During my many travel experiences, I consider myself fortunate to have come across, almost by accident, the beautiful Swiss village of Kandersteg, which lies close to the borders of the Kanton Valais, writes Terry Willey.
Some 15 years ago, I had decided to book a holiday to Switzerland to see the New Year in with my family, and while we had no particular aspirations to ski, it was perhaps for this reason that the travel agent directed us to this particular village.
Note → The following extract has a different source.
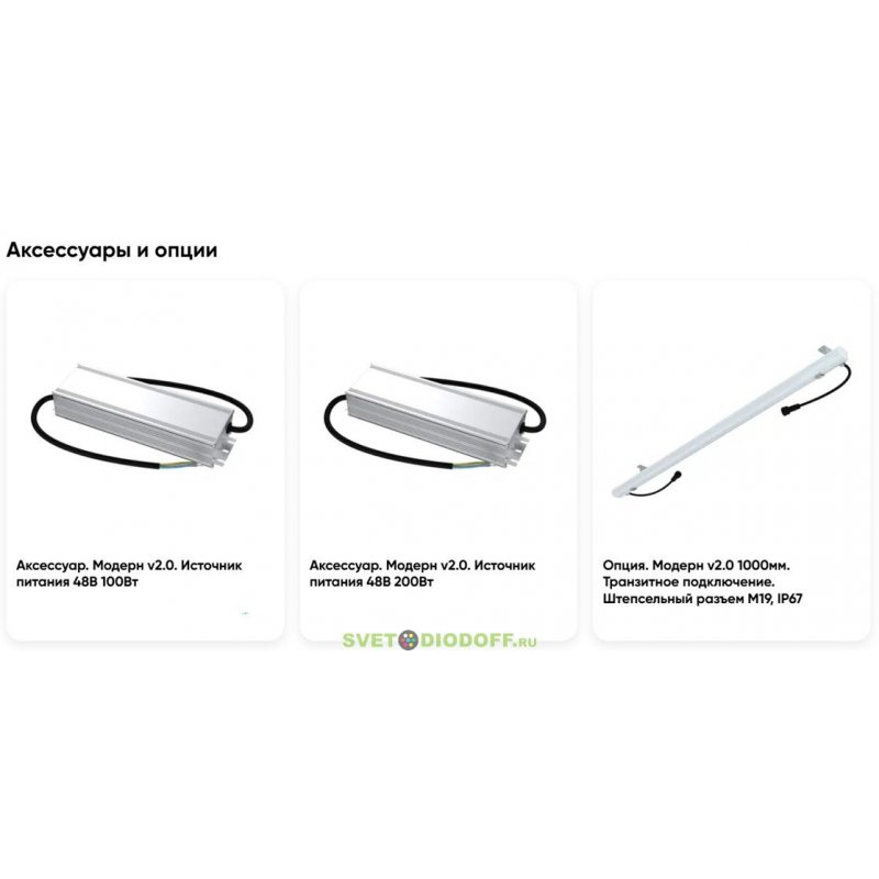 В светильнике «Модерн v2.0» используется схема питания светодиодов с применением линейных стабилизаторов с напряжением питания светодиодной платы 48 В, что позволяет обеспечить равномерное свечение от первого до последнего светильника в одной линии подключения большой длины: до 20 м для светильников мощностью 9 Вт/м, и до 30 м для светильников 6 Вт/м.

The train journey, which took about two hours from Zurich, was well worthwhile in itself, winding its way around picturesque lakes and the surrounding mountains which basked in clear blue sky and acres of snow. Kandersteg lies on the east of the majestic Blumlisalp range of mountains and offers a busy railway link through the Lotshberg link to most major towns in Switzerland, as well as many cities in Germany, Holland, Belgium, Italy and France. The road from Spiez is well-built and the car train through the Lotshberg provides excellent connections to Italy and the Rhone Valley.
Tourists flock to Kandersteg to enjoy more than skiing, however. The area offers several toboggan runs, ice climbing, curling and ice skating, extensive designated walking options and local bus and train connections to the neighbouring municipalities of Kander-grund, Frutigen and Adelboden – the latter of which offers extensive skiing facilities.
Kandersteg village itself has a small population but offers the most wonderful scenic backdrop of mountain ranges and cable cars to the Oeschinen Valley. There is also a walk to the most stunning alpine lake situated at the foot of the Blumlisalp, which delights visitors from all over the world. The cafés and restaurants offer plenty of locally-prepared food, including everyone’s favourite, apple strudel complimented with a glass of warming Gluhwein. One of the favourite walks for tourists is through the Gemmi Pass. Whether or not is was used by the Romans , as speculated, there is certainly documentary evidence going back to the 13th century proving that Medieval traders used the Pass to transport goods.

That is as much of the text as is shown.